Kelly said that marijuana legalization in states like Washington, Oregon and Colorado expose the U.S. as hypocritical when trying to lecture countries about the need to stop harder drugs from filtering across the U.S. border, according to an interview with Military Times published Saturday.

“The actual legalization does cause us problems because — the hypocrisy,” Kelly told Military Times. ” … Where you stand is where you sit. So if you’re a Latin American, and we’re harping on them to do more to stop the flow of drugs, they say: ‘Wait a minute. As we look north, the real problem is the demand. So why don’t you do more to stop the demand for drugs … Why would we do more when you seem to be legalizing this stuff?'”

The one exception, Kelly noted, is marijuana for medicinal use.

“I’m not a doctor, but I’m told it has a medical use,” Kelly said. “So whether it’s veterans or anyone else, if it helps those people, then fine. Medicine is medicine. Every medicine is probably illegal unless you take it medicinally.”

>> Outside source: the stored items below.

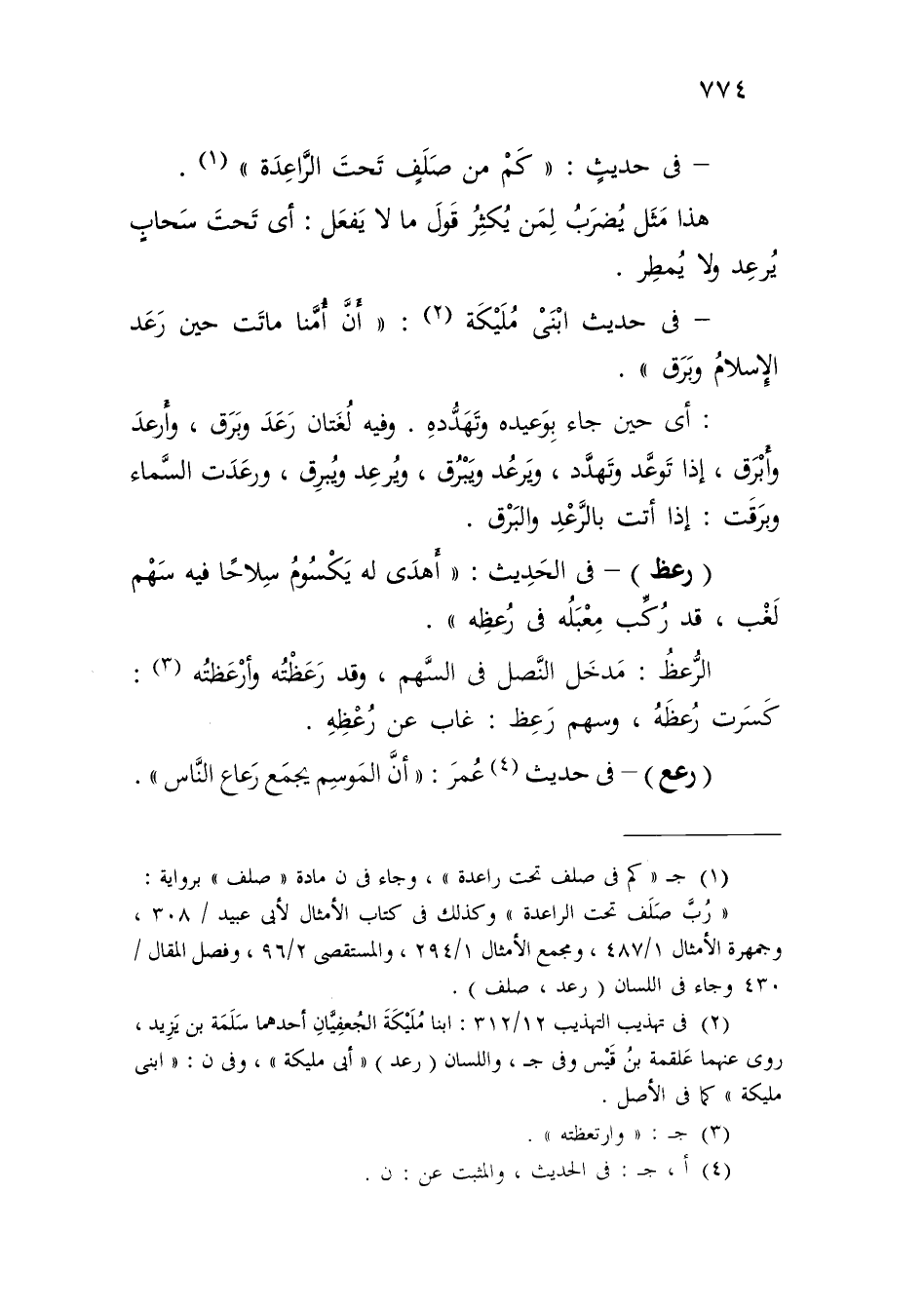 - في حديث ابْنَىْ مُلَيْكَة (¬2): "أَنَّ أُمَّنا ماتَت حين رَعَد الِإسلامُ وبَرَق".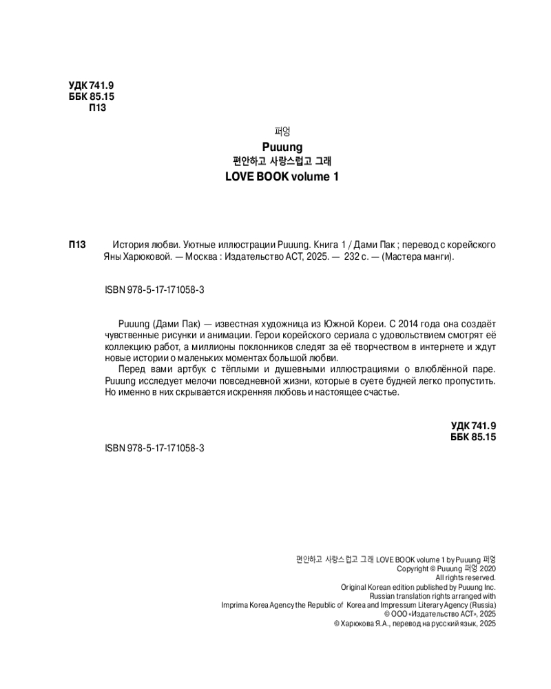 💳 Оплатить за товар можно при получении 🇰🇿 Есть бесплатная доставка по Казахстану от 1 дня 🎁 Копите бонусы с каждой покупки Серия: Мастера манги Puuung (Дами Пак) — известная художница из Южной Кореи. С 2014 года она создаёт чувственные рисунки и анимации. Герои корейского сериала с удовольствием смотрят её коллекцию работ, а миллионы поклонников следят за её творчеством в интернете и ждут новые истории о маленьких моментах большой любви. Перед вами артбук с тёплыми и душевными иллюстрациями о влюблённой паре. Puuung исследует мелочи повседневной жизни, которые в суете будней легко пропустить. Но именно в них скрывается искренняя любовь и настоящее счастье. |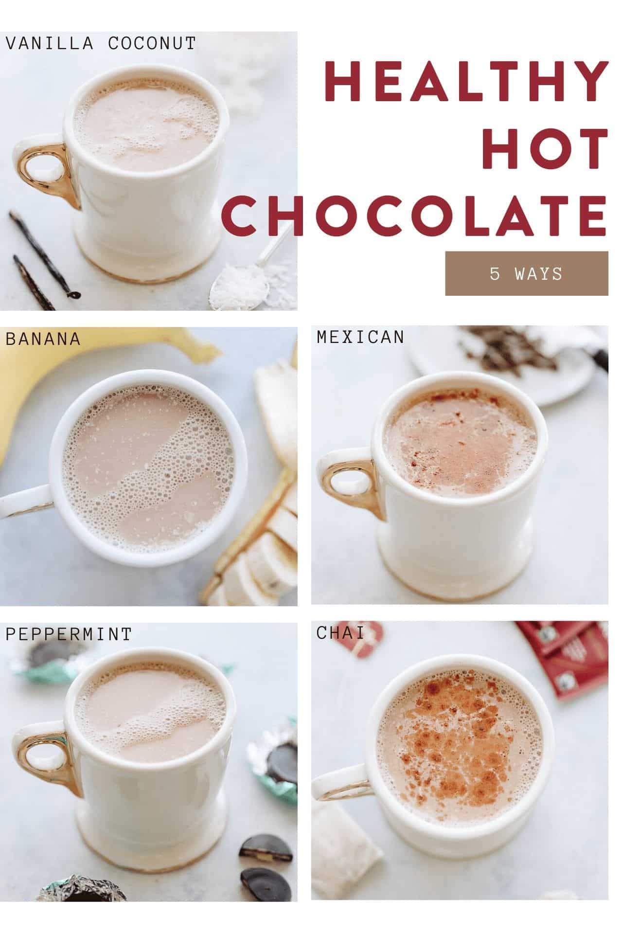 Looking for a healthy hot chocolate recipe? Look no further than these 5 healthy versions including banana hot chocolate, peppermint hot chocolate, chai hot chocolate and more! All made with healthy, nutritious ingredients that you probably already have in your pantry!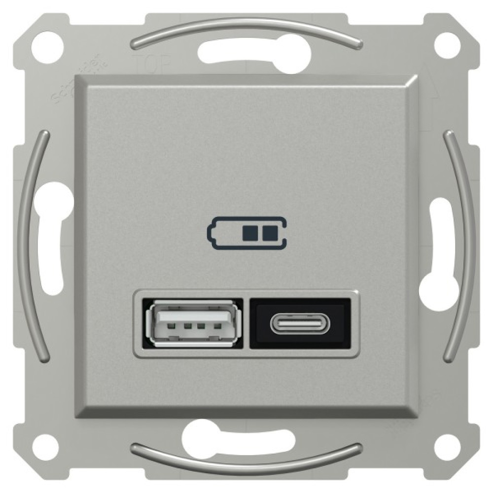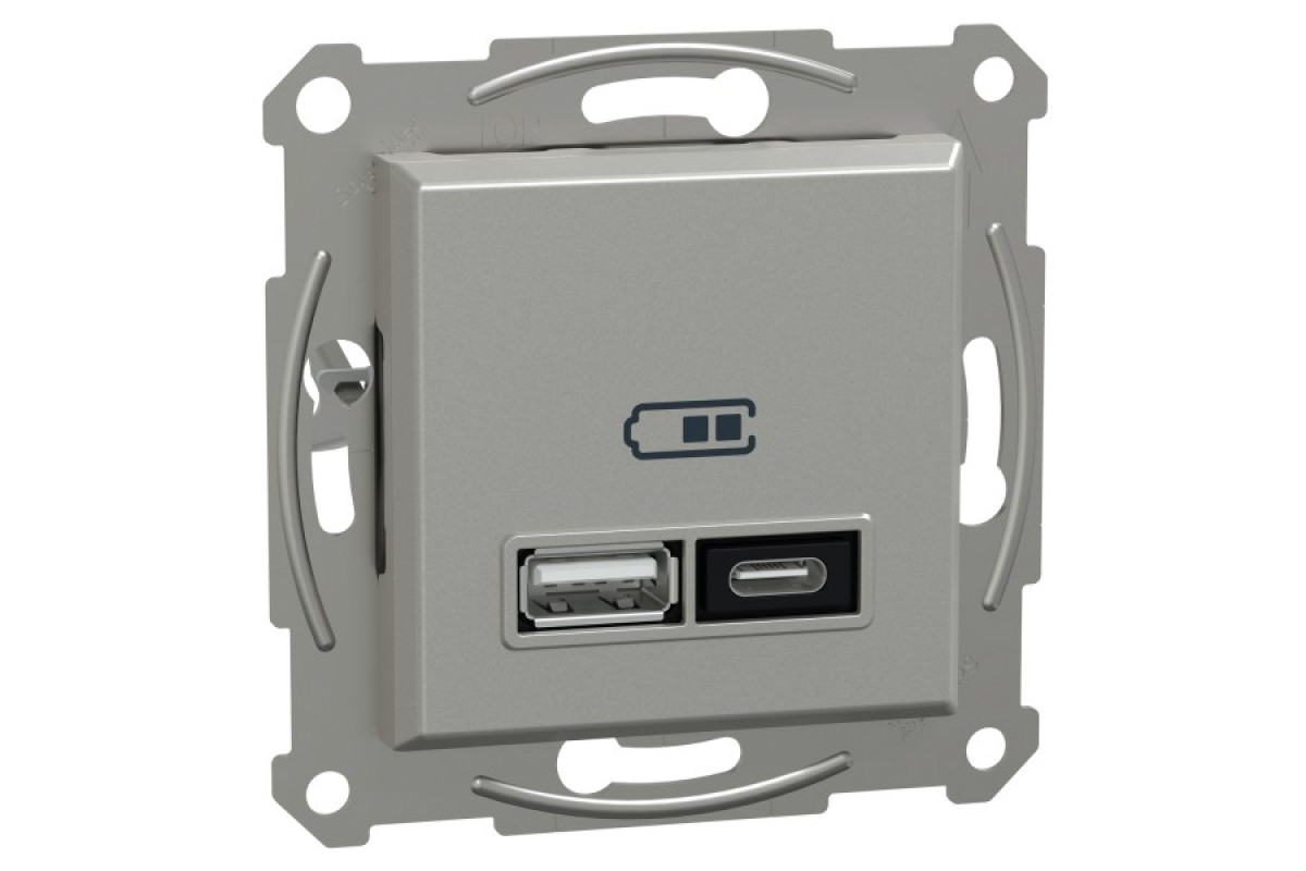 Скористайтеся рішенням для швидкого заряджання від Schneider Electric із зарядним пристроєм Asfora USB-A та USB-C PD PPS потужністю 21 Вт в алюмінієвого кольору. Цей пристрій призначений для будь-якого внутрішнього середовища та живлення від електромережі. Розетка оснащена передовою технологією заряджання USB-C Power Delivery Programmable Power Supply (PD PPS), що підвищує продуктивність заряджання акумулятора. Вона розумно вибирає найбільшу потужність, яку може витримати пристрій, і підтримує всі новітні технології заряджання акумулятора.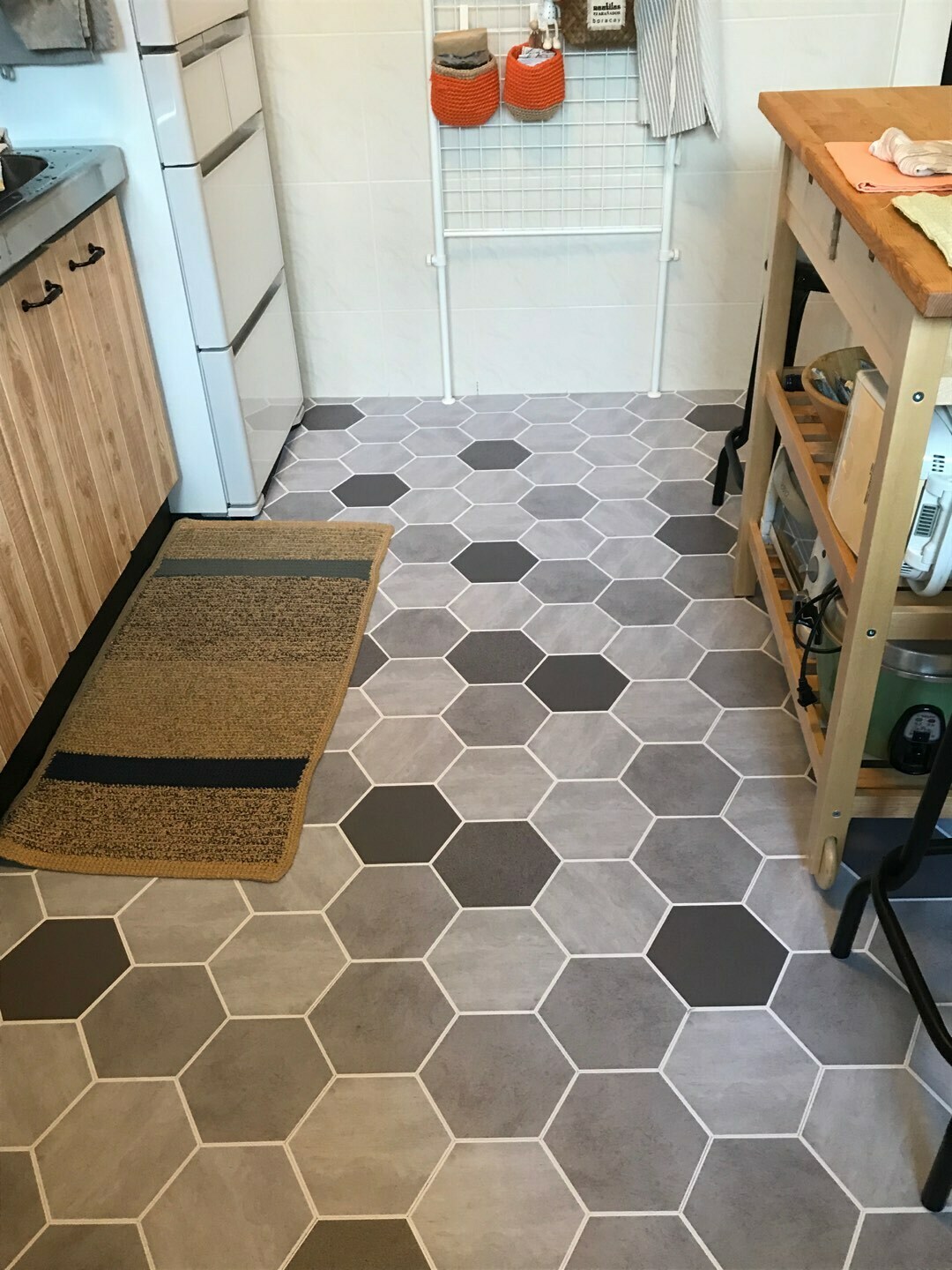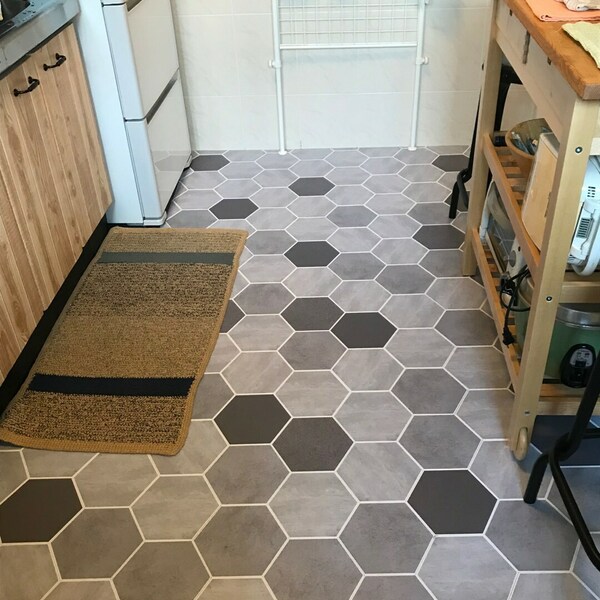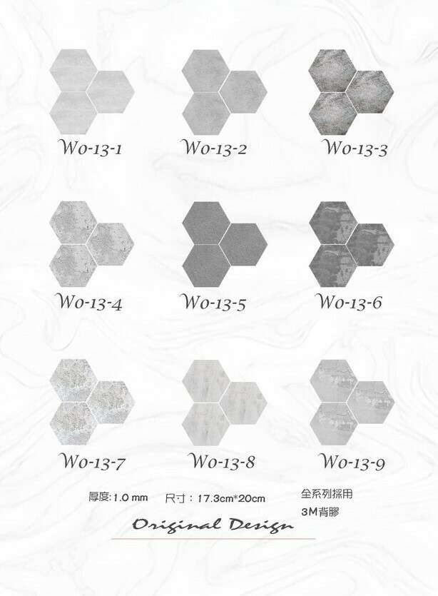 HHWO13(水泥岩系)-MIT擬瓷感六角花磚貼/廚房防油貼/地板裝飾貼/傢俱翻新貼皮(單片入)

Kelly has detailed knowledge on the drug war, having served as head of U.S. Southern Command for the past three years. SOUTHCOM is responsible for training the military forces of Central and South American countries, in order to combat cartels and narcotics distribution lines.

The use of marijuana is increasing in Central and South America, giving cartels in the region a strong incentive to continue production, though a recent report from the United Nations found that cartels specializing in marijuana had lost approximately $3 billion in profit, since recreational pot legalization came into play in Colorado and Washington. Decriminalization is sweeping across the U.S. Uruguay also legalized marijuana in 2013.

But apart from marijuana is the problem of hard drugs. Demand for narcotics like cocaine, heroin and meth, is heavily stacked on the U.S. side. This demand leads to insane profits and also enables other practices like human and weapons trafficking. With higher stakes comes higher levels of violence, which pours fuel onto the fire of the refugee crisis, prompting thousands to stream across the U.S.-Mexico border. U.N. data indicates that Latin America is the most violent region in the world, accounting for 134,519 homicides in 2012.

“If Americans understood,” Kelly said, “what doing a little blow on the weekends — on a college campus or here on Capitol Hill — was doing to Honduras or El Salvador, or what it’s doing to Colombia, I think they’d responsibly realize that this is not a good thing.”

Legal marijuana also places the U.S. in a strange position. On the one hand, states are starting to legalize marijuana, and on the other hand, the federal government is pouring money into counter-narcotics efforts in other countries, which according to Kelly may lead to a sort of disillusionment down south because of the apparent hypocrisy.